## Required action
All of the data, word for word and free of pictures, is the expected result.

## Data extract
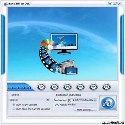 Огромная армия владельцев цифровых пленочных видеокамер после отснятия видеоматериала сталкиваются с проблемой как проще фильм с пленки Mini DV на обычный DVD диск для хранения или просмотра на бытовом DVD плеере. Новый продукт от известного производителя позволяет это сделать легко и просто. Помимо простой конвертации в образ диска или создания DVD папки программа позволяет делать копию DV пленки, добавлять меню, титры и разделы в DVD диск, отрегулировать формат, размер и качество результата.
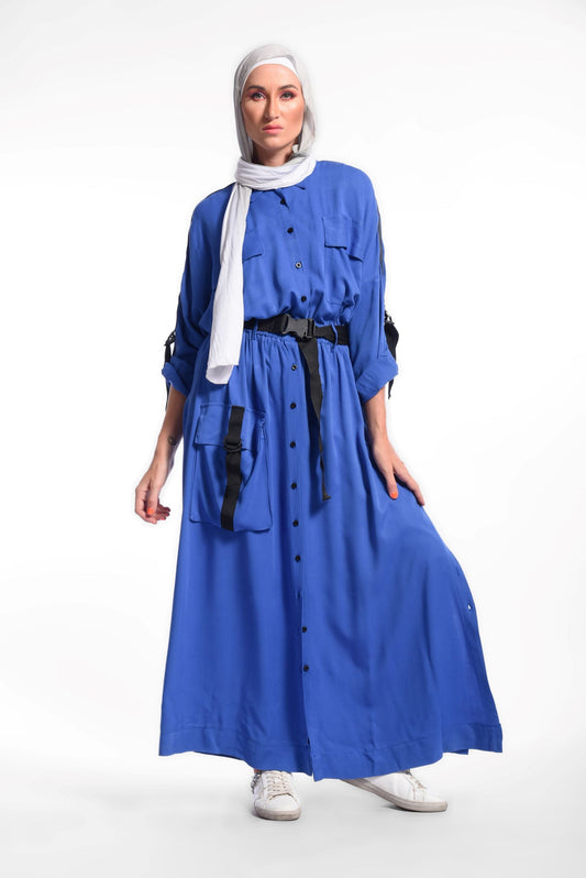 Baby Blue Drawstring Waist Slit Side Striped Dress Long Sleeve
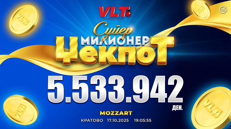 Г.П. од Куманово на 17.10.2025, на видеолотариските терминали во „Делта бет Моцарт“ ја освои најпосакуваната ВЛТ добивка. Неговата среќна игра е „40 лаки кингс“, а добивката што ја освои изнесува 5.533.942 денари.

## Reply to the exercise
 Огромная армия владельцев цифровых пленочных видеокамер после отснятия видеоматериала сталкиваются с проблемой как проще фильм с пленки Mini DV на обычный DVD диск для хранения или просмотра на бытовом DVD плеере. Новый продукт от известного производителя позволяет это сделать легко и просто. Помимо простой конвертации в образ диска или создания DVD папки программа позволяет делать копию DV пленки, добавлять меню, титры и разделы в DVD диск, отрегулировать формат, размер и качество результата.
 Baby Blue Drawstring Waist Slit Side Striped Dress Long Sleeve
 Г.П. од Куманово на 17.10.2025, на видеолотариските терминали во „Делта бет Моцарт“ ја освои најпосакуваната ВЛТ добивка. Неговата среќна игра е „40 лаки кингс“, а добивката што ја освои изнесува 5.533.942 денари.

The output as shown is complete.